Revision rhinoplasty refers to surgery on the nose after it has previously been operated on. Some surgeons will refer to any repeat surgery including ones they have previously done as a revision. Others will differentiate calling revision surgery only ones they have previously done, while secondary rhinoplasty would be ones performed by another surgeon. The number of prior rhinoplasties can vary from one to more than ten, each with varying complexity and approaches. Regardless of terminology, this type of rhinoplasty can be very challenging and complicated.
If you are unhappy following your initial nose reshaping surgery, schedule a visit with our Denverteam by calling (303) 839-7980 or inquiring with our contact form to see if revision rhinoplasty is right for you. At Colorado Facial Plastic Surgery, our surgeries can include minor changes to enhance aesthetics or more comprehensive reconstruction to reshape the nose.
Before and After Photos
About Revision Rhinoplasty
Revision rhinoplasty is a specialized surgical procedure aimed at correcting nasal deformities, improving the appearance of the nose, enhancing overall facial harmony, and addressing breathing difficulties resulting from prior nasal surgeries. The procedure is typically performed via an open approach. This is where incisions are made inside as well as along the columella. This allows for complete exposure of the underlying cartilages and bony framework. Improved breathing and/or cosmetic appearance are the goals of revision rhinoplasty.
There are multiple different reasons for seeking a revision rhinoplasty. We have listed common reasons below. This list, although comprehensive, may not fit your exact situation. Please also review the “Candidates” section of our Primary Rhinoplasty page to learn more; there may be an overlap in candidates between both primary and revision rhinoplasty.
The over-resected nose in revision rhinoplasty refers to overdoing the concept of reduction as discussed previously. Taking away too much from the nose is not a good thing. Some patients desire very petite noses while in their youth. To achieve this result, some surgeons will simply cut away the areas needing reduction without respect for long-term outcomes. As the patient ages, the skin continues to contract; without proper support in the form of cartilage grafts, the nose can appear too small, pinched, or unsightly. Furthermore, the resected structures, like skin and cartilage, may make breathing very difficult.
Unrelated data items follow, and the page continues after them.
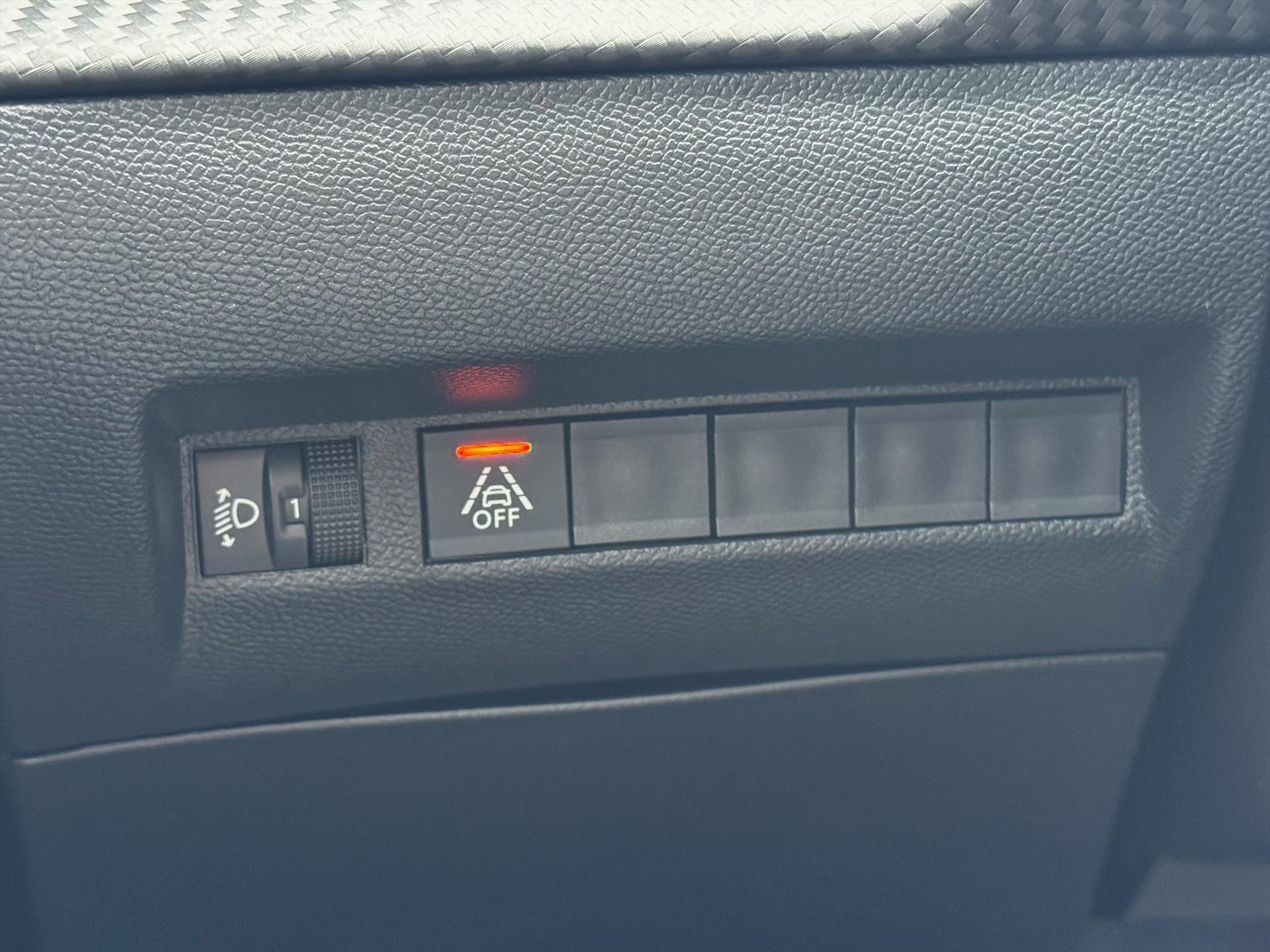 Dashboard in zacht materiaal met carboneffect en hoogglans zwarte sierstrip met chromen bies
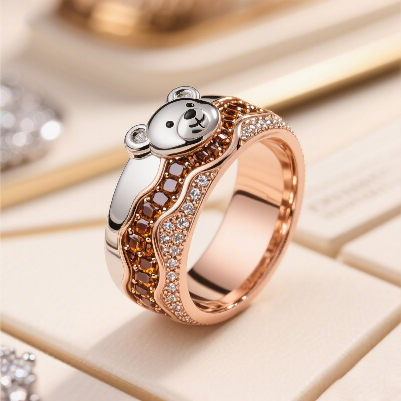 Anyes Two Tone Chocolate Bear Inspired Cocktail Ring Sterling Silver
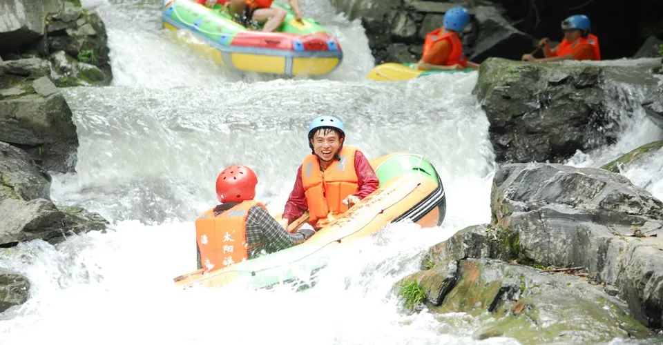 太陽溪漂流位於湖北省通山縣海拔1380米的太陽山山麓——夏鋪鎮青山村,景區交通便利,距武漢市僅120公里。漂流河道長約5公里,落差100餘米,漂完全程約需2小時。屬於大落差、強刺激的雙人自助漂流,漂亮河道兩岸懸崖峭壁、怪石嶙峋、灘多水急、跌宕起伏;河道落差大、落差陡,共有數十個2至8米高的大落差,很多落差接近於垂直,享受極限的刺激快感而又有驚無險是太陽溪漂流的大特色。
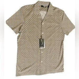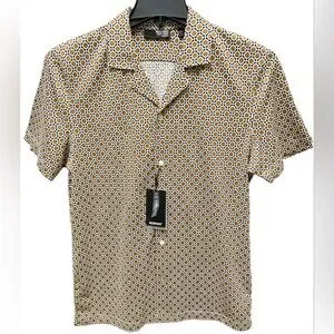 From Murano Liquid Luxury Slim Fit Notch Collar Button-Up Shirt - Brown/White, Size M New With Tags ๐ท๏ธ
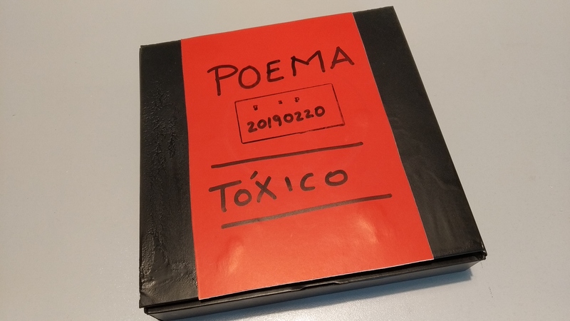 Poema Tóxico está escrito sobre 27 protectores adhesivo de sobres postales dentro de una caja de bombones.
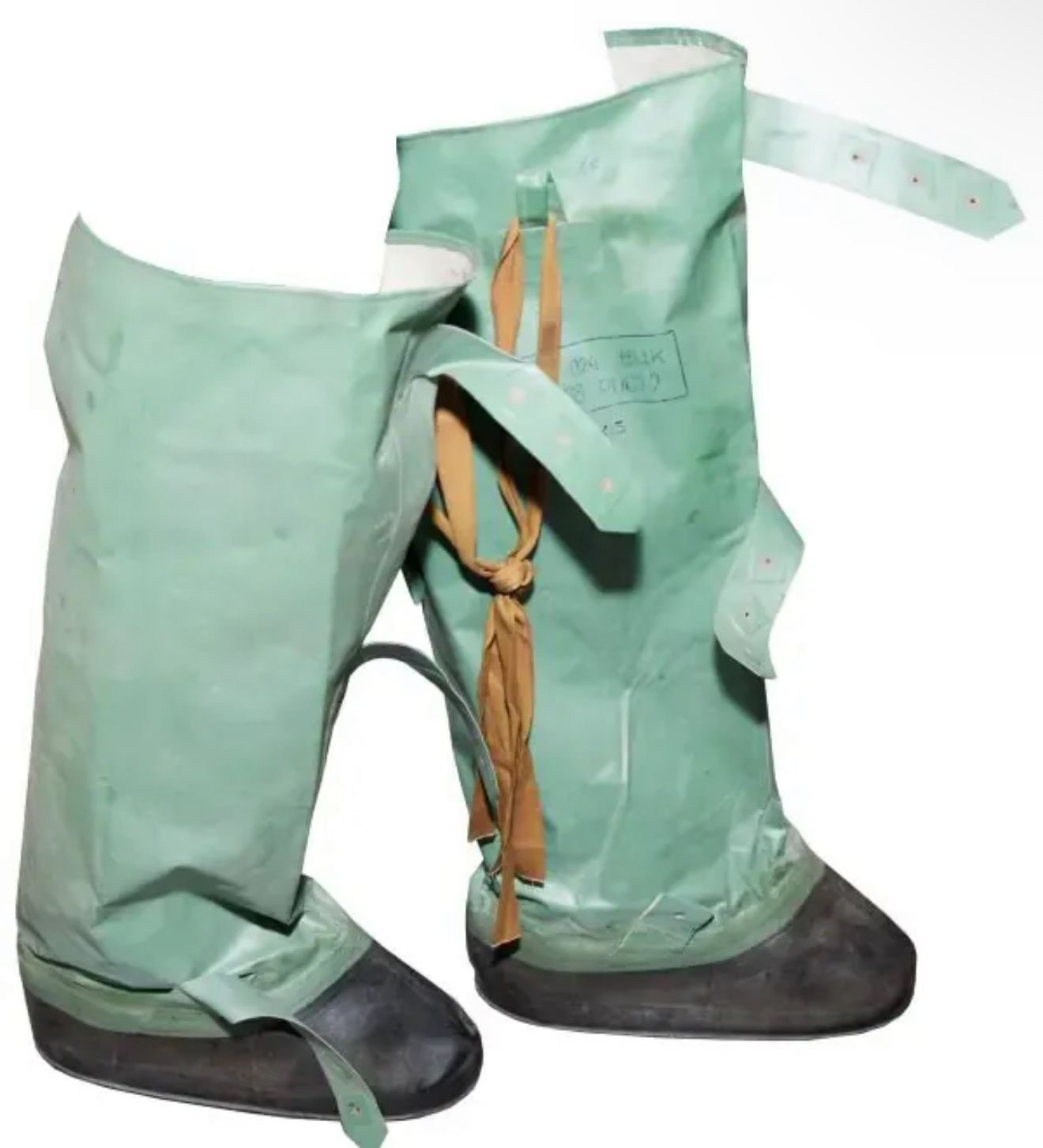 Панчохи захисного костюма також звані бахилами. Вироби виготовлені із спеціальної прогумованої тканини захисного (зеленого) кольору. Підошва панчіх забезпечена додатковим прошарком з темної гуми з метою ущільнення та збільшення зносостійкості. Бахили надягають поверх взуття та одягу. Фіксуються на нозі завдяки спеціальним ременям, які кріпляться петлями (шпеньками та ляльками).

Common areas that are over-resected are the bridge and tip. The “swoop” on profile used to be popular but is now associated with an overly-operated appearance. When the tip is too small, it may appear to be isolated or like a “ball” at the end of the nose. To improve this, your surgeon will place grafts to raise the bridge. Widening the tip to create better harmony with the remainder of the nose may be necessary.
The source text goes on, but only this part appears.